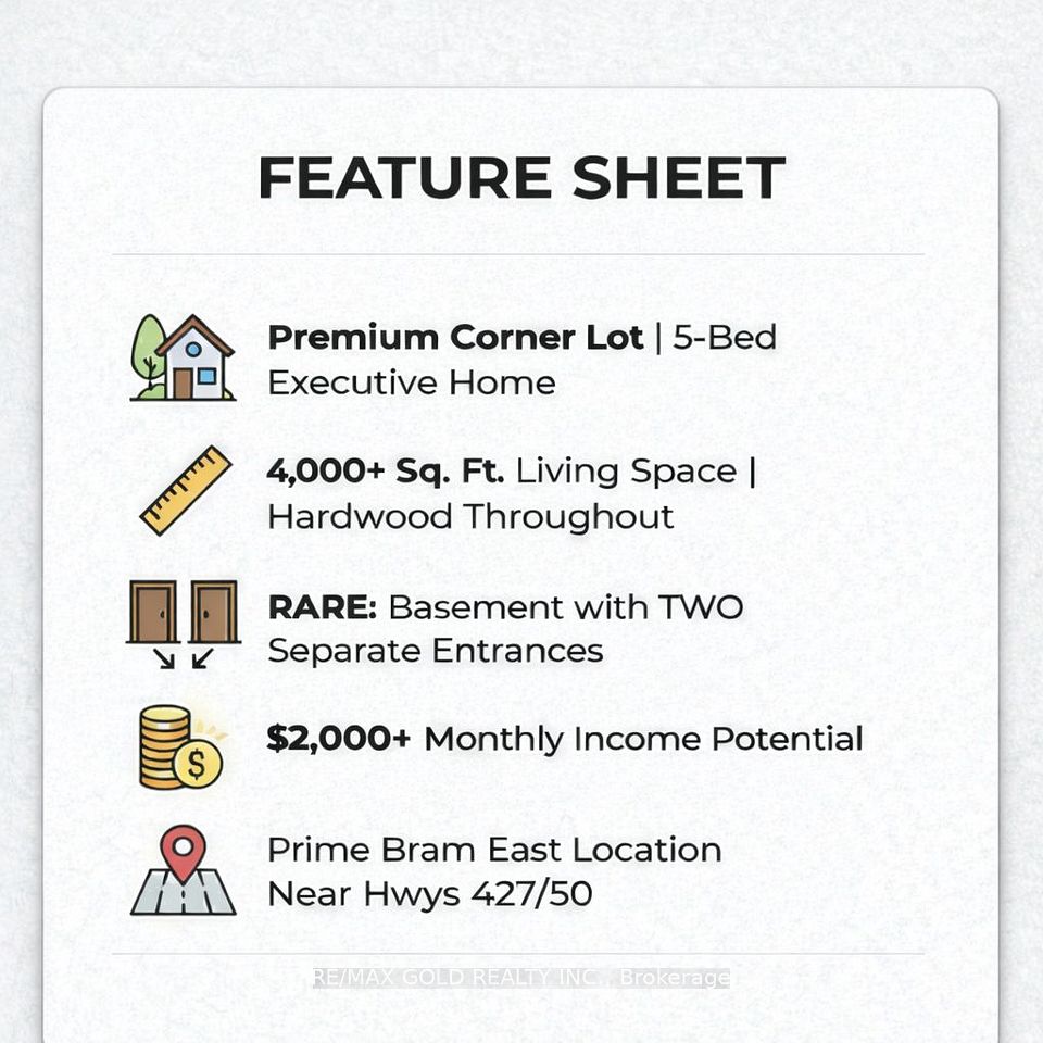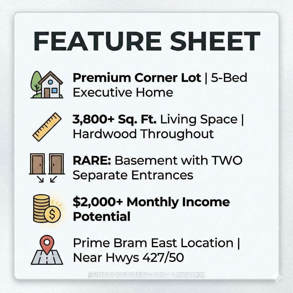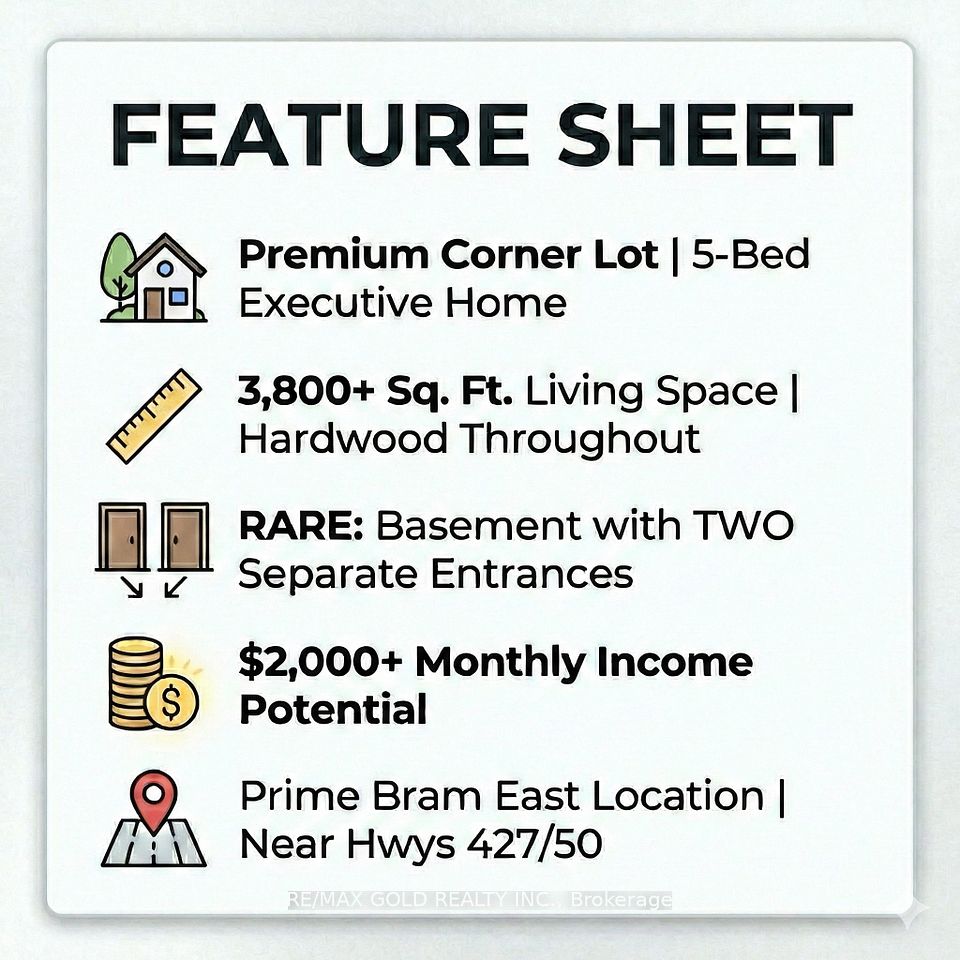 Stunning 5-Bed home with 4000+ sqft of Living space with Rare Income Potential in Bram East Castlemore Area !Experience the sun-filled luxury in this executive detached home. Features gleaming hardwood floors throughout, a modern open-concept kitchen with breakfast area, and spacious principal rooms. Situated in a prime location minutes from Hwy 427/50, top-rated schools, and walking trails. THE GAME CHANGER: A fully finished basement with TWO separate entrances and full kitchen. Unmatched flexibility to keep one side for private use and rent the other, or lease the entire unit for $2,000+/mo potential income. Ideal for multi-generational families or investors seeking serious cash flow to offset the mortgage. Don't miss this opportunity!
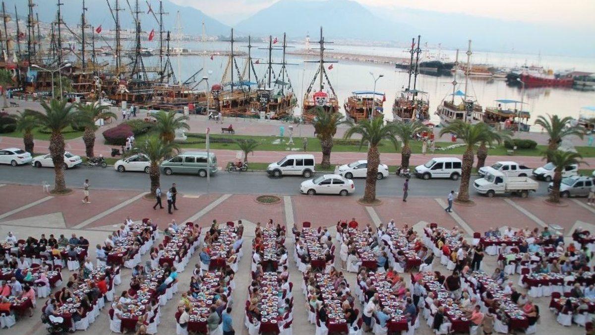 Antalya’nın Alanya Müftülüğü tarafından Alanya Turistik İşletmeciler Derneği’nin (ALTİD) katkılarıyla bölgede yaşayan yerleşik yabancılara ve farklı inançlardan din adamlarına iftar verildi.Alanya’da mülk satın alarak yaşamaya başlayan farklı ülke vatandaşlarına Alanya Müftülüğü tarafından ve ALTİD’in katkılarıyla iftar verildi. Farklı inançlardan din adamlarının da katıldığı İskele Şelale Meydanı’nda verilen iftara Alanya Belediye Başkanı Adem Murat Yücel, Antalya Müftüsü Osman Artan, Alanya Müftüsü Mustafa Topal, ALTİD Başkan Yardımcısı Mehmet Dahaoğlu, Alanya Ticaret ve Sanayi Odası (ALTSO) Başkanı Mehmet Şahin, Alanya Emniyet Müdürü Ömür Saka ve yaklaşık 600 davetli katıldı.skele meydanında düzenlenen ve ilçede yaşayan yabancı katıldığı iftar programına İl Müftüsü Osman Artan, Alanya Ticaret ve Sanayi Odası Başkanı Mehmet Şahin, Alanya Yabancılar Meclisi Başkanı Abdullah Karaoğlu, Türk Alman Dostluk Derneği Başkanı Fahri Yiğit ile diğer yabancı dernek başkanları katıldı.İftarda İl Müftüsü Osman Artan, yerleşik yabancılarla bir arada bulunmaktan mutlu olduklarını söyledi.Alanya Müftüsü Mustafa Topal ise düzenledikleri iftar sofrasıyla ramazan ayının hoşgörüsünü sergilediklerini belirtti. Alanya’da yaşayan yerleşik komşularla yapılan bu güzel paylaşımları dünyaya göstermek istediklerini kaydeden Topal, "Alanyamız huzur adası. İnançların problemsiz yaşanabildiği, birliktelikten mutluluk duyan bir ilçe. Penceremizdeki mutluluğu dünyaya da aksettirmek istiyoruz" dedi.
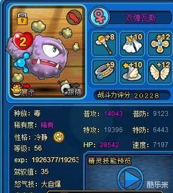 宠物精灵王双弹瓦斯怎么样?宠物精灵王双弹瓦斯属性:

- [What you should do]: The answer must consist solely of the lines from the one with "Antalya’nın Alanya Müftülüğü" through the final line of the data, each reproduced exactly and with pictures omitted.

- [Task answer]:
 Antalya’nın Alanya Müftülüğü tarafından Alanya Turistik İşletmeciler Derneği’nin (ALTİD) katkılarıyla bölgede yaşayan yerleşik yabancılara ve farklı inançlardan din adamlarına iftar verildi.Alanya’da mülk satın alarak yaşamaya başlayan farklı ülke vatandaşlarına Alanya Müftülüğü tarafından ve ALTİD’in katkılarıyla iftar verildi. Farklı inançlardan din adamlarının da katıldığı İskele Şelale Meydanı’nda verilen iftara Alanya Belediye Başkanı Adem Murat Yücel, Antalya Müftüsü Osman Artan, Alanya Müftüsü Mustafa Topal, ALTİD Başkan Yardımcısı Mehmet Dahaoğlu, Alanya Ticaret ve Sanayi Odası (ALTSO) Başkanı Mehmet Şahin, Alanya Emniyet Müdürü Ömür Saka ve yaklaşık 600 davetli katıldı.skele meydanında düzenlenen ve ilçede yaşayan yabancı katıldığı iftar programına İl Müftüsü Osman Artan, Alanya Ticaret ve Sanayi Odası Başkanı Mehmet Şahin, Alanya Yabancılar Meclisi Başkanı Abdullah Karaoğlu, Türk Alman Dostluk Derneği Başkanı Fahri Yiğit ile diğer yabancı dernek başkanları katıldı.İftarda İl Müftüsü Osman Artan, yerleşik yabancılarla bir arada bulunmaktan mutlu olduklarını söyledi.Alanya Müftüsü Mustafa Topal ise düzenledikleri iftar sofrasıyla ramazan ayının hoşgörüsünü sergilediklerini belirtti. Alanya’da yaşayan yerleşik komşularla yapılan bu güzel paylaşımları dünyaya göstermek istediklerini kaydeden Topal, "Alanyamız huzur adası. İnançların problemsiz yaşanabildiği, birliktelikten mutluluk duyan bir ilçe. Penceremizdeki mutluluğu dünyaya da aksettirmek istiyoruz" dedi.
 宠物精灵王双弹瓦斯怎么样?宠物精灵王双弹瓦斯属性:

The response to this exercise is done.